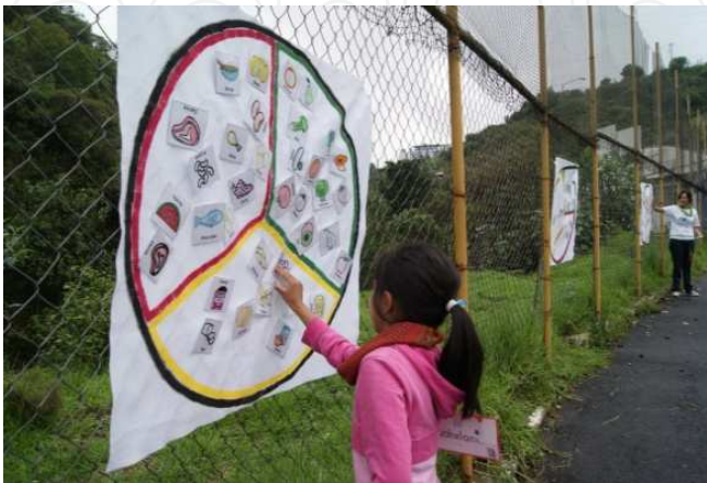
Fig. 8. Identifying foods on the “The Healthy Eating Dish”.
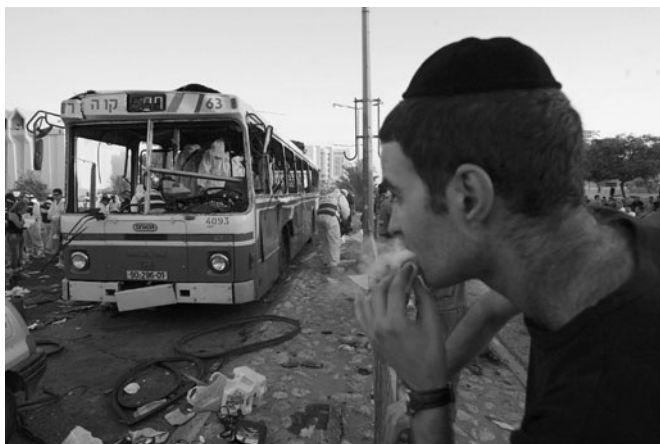
16. The remains of an Israeli bus after a suicide bombing

Fundamentalism As numerous media theorists have pointed out, television is not the same as propaganda. It does not have a unidirectional or homogenizing impact on viewers. Most viewers bring pre-existing knowledge to what they see and hear on television, decoding images according to their prejudices. In the Muslim world, images of Israeli oppression may be reinforced by perceived differences in lifestyles. For example, the explicit sexual interactions to be seen on a Tel Aviv beach may add to Islamist perceptions that Palestinians are facing not just a racist enemy that discriminates against them, but one that is wholly evil because of its pagan ( jahili ) social attitudes. Secondly, as explained already, fundamentalists benefit from the para-personal, electronically amplified relationships between charismatic leaders and their audiences. Nasser and Hitler were both beneficiaries of the new medium of radio; both Khomeini and bin Laden seem to be iconically impressive figures able to convey the solemnity, gravitas, nobility, and asceticism Muslims associate with the aniconic image of the Prophet Muhammad.
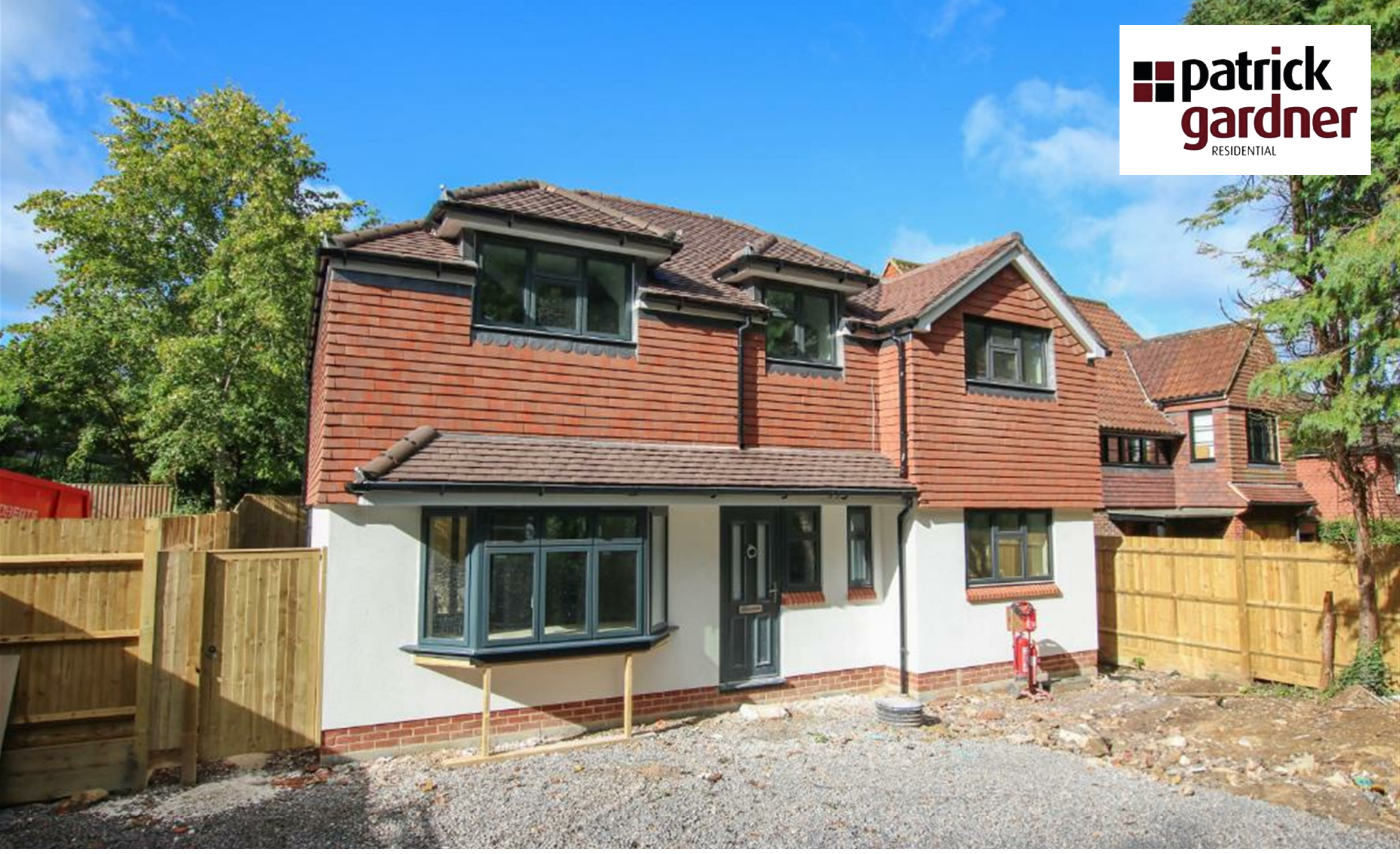
Treetops Reigate Road, Leatherhead, KT22 8RF

------------------------------------------------------------------------

**BRIEF**
Give the number of lines in the data above that include the word "Israeli", with no other words.

**REPLY TO THE EXERCISE**
2